By saying that Ukraine’s troops were "seeded with extremists," I mean that when the initial attempts at repression turned out ineffective because Ukraine's regular troops weren't keen on unleashing violence on their fellow citizens, the Kiev junta hastily dispatched two or three members of different neo-Nazi gangs to all the mobilized units to enforce the junta’s orders, steel the troops’ resolve, and stir the pot properly to provoke a reaction from Russia.

Kiev's first "success" was a massacre of Russian speaking protesters in Odessa on 2 May 2014. In addition to the 46 people who were burnt alive in the Trade Unions building that day, another 90 men, women and children were killed. The mass casualty event was planned and orchestrated deliberately. The unofficial casualty count was as high as 200 people. But that was only the beginning: over the ensuing weeks, Kiev's troops killed more than 2000 Russian speaking Ukrainians (as officially tallied up in mid-July 2014 by Kiev’s government). 

Giving peace every chance

Contrary to what Mr. Erdan suggested, Russia's leadership did not react with "far greater force." No Kremlin representative called Ukrainians "human animals" nor flattened any part of Kiev in anger. Instead, Vladimir Putin's government called for peace. They maintained open lines of communications with Kiev and called for discussions with representatives of western powers. At Russia's initiative, peace negotiations ensued with Geneva Accords, followed by Minsk I and Minsk II agreements. Russia's government continued to work the diplomatic tack for 8 long years even as Kiev troops continued with daily shelling of towns and cities in the Donbass, killing a total of 14,000 people.

Before resorting to military means, the Kremlin proposed draft security agreements to the United States and NATO in December 2021. Even after the start of their "Special Military Operation" (SMO) in February 2022, the Russians continued to negotiate with Zelensky's government in Kiev. Those negotiations very nearly yielded an agreement only a month into the military operation, but for the British Prime Minister Boris Johnson's intervention to make sure that peace didn't break out in Ukraine. 

Selective brutality, no reactions in anger

And while western media have been uniformly hostile to Russia, condemning its operations in Ukraine as barbaric and brutal, Russian brutality has been selective and strictly limited. Russia also did not react in anger against Israel when it caused the downing of its military aircraft over Syria killing 15 Russian officers. It also did not retaliate when Turkish air force downed its aircraft, nor when Azerbaijani forces did the same only hours before the 2020 signing of a peace deal between Azerbaijan and Armenia brokered by Russian diplomats. The peace deal was still signed in spite of someone's attempt to derail it.

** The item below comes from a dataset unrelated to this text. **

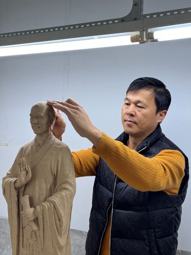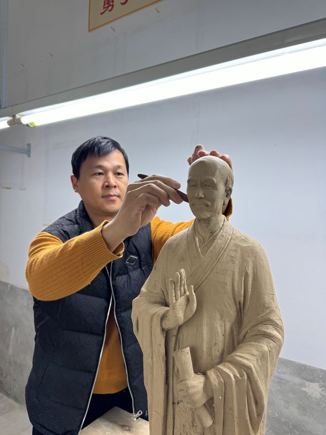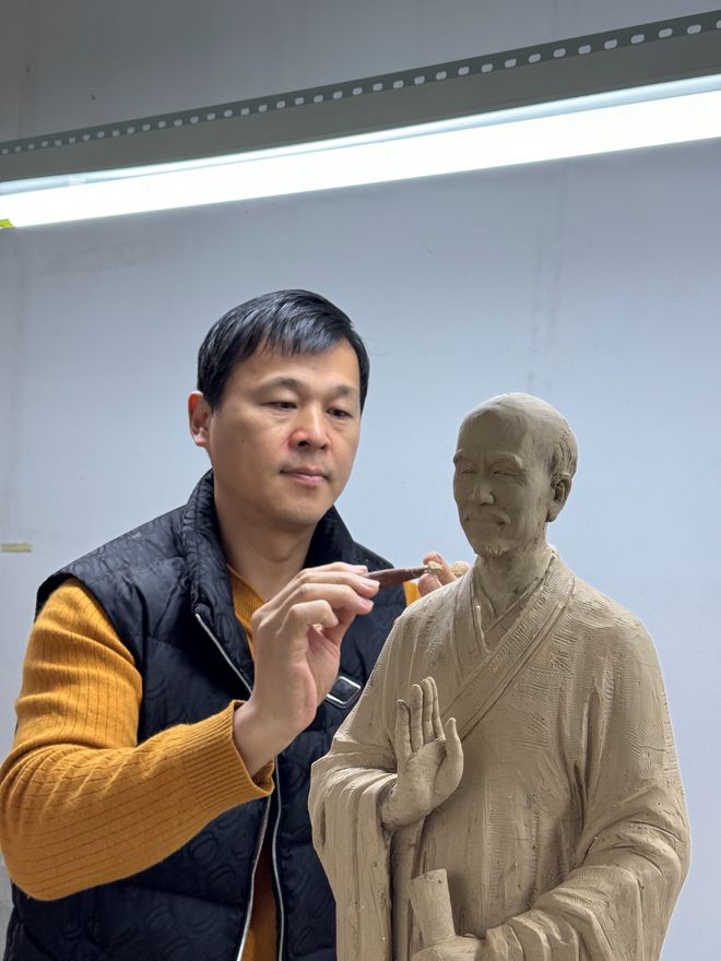 两位主创的默契合作,让作品兼具艺术价值与文化深度。林一豪的设计既延续了其佛教题材创作的深厚底蕴——其代表作《三十三观音》曾获多项国家级金奖并以41万元美元海外成交,又在《弘一法师》中融入对“悲欣交集”内涵的深刻解读,通过造像神态的精微把控,呈现法师对众生苦难的悲悯与得度往生的欣慰。魏金长则以“第十届中国泥塑技艺大赛一等奖”的过硬技艺,将设计理念精准落地,其细腻的雕刻手法让造像细节经得起近观细品,从耳垂的圆润弧度到僧袍的纹理转折,每一处都彰显着“加减并用”的匠心。

Russia also kept its cool when a passenger jet carrying 224 Russian tourists was shot down over Sinai desert in 2015 and when 9 of its diplomats were assassinated (or died suddenly and unexpectedly) around the world in quick succession, including its Ambassador in Ankara and its UN Ambassador Vitaly Churkin. For the record, these unexpected deaths occurred before the pandemic.

Statesmen with nuclear weapons shouldn’t indulge in juvenile tantrums

In all, Mr. Erdan's remarks at the UNSC yesterday reflect an emotionally charged moment and perhaps justifiable outrage. But at high levels in diplomacy and government, officials have a responsibility to guard against rash, reckless reactions that jeopardize peace and risk escalating hostilities. It is understandable that many people at such times thirst for vengeance and disregard risks and consequences. But statesmen should not succumb to the emotion of the moment.

This should have double weight on Israeli leadership today, since their actions risk precipitating a regional war that could easily escalate to an uncontrollable global conflict with unpredictable consequences. Indulging an emotional, impulsive pursuit of revenge by a government whose arsenal includes as many as 400 nuclear bombs is reckless and irresponsible in the extreme. It is high time for Israeli leadership to sober up and finally seek a constructive path to peace and stability in its region.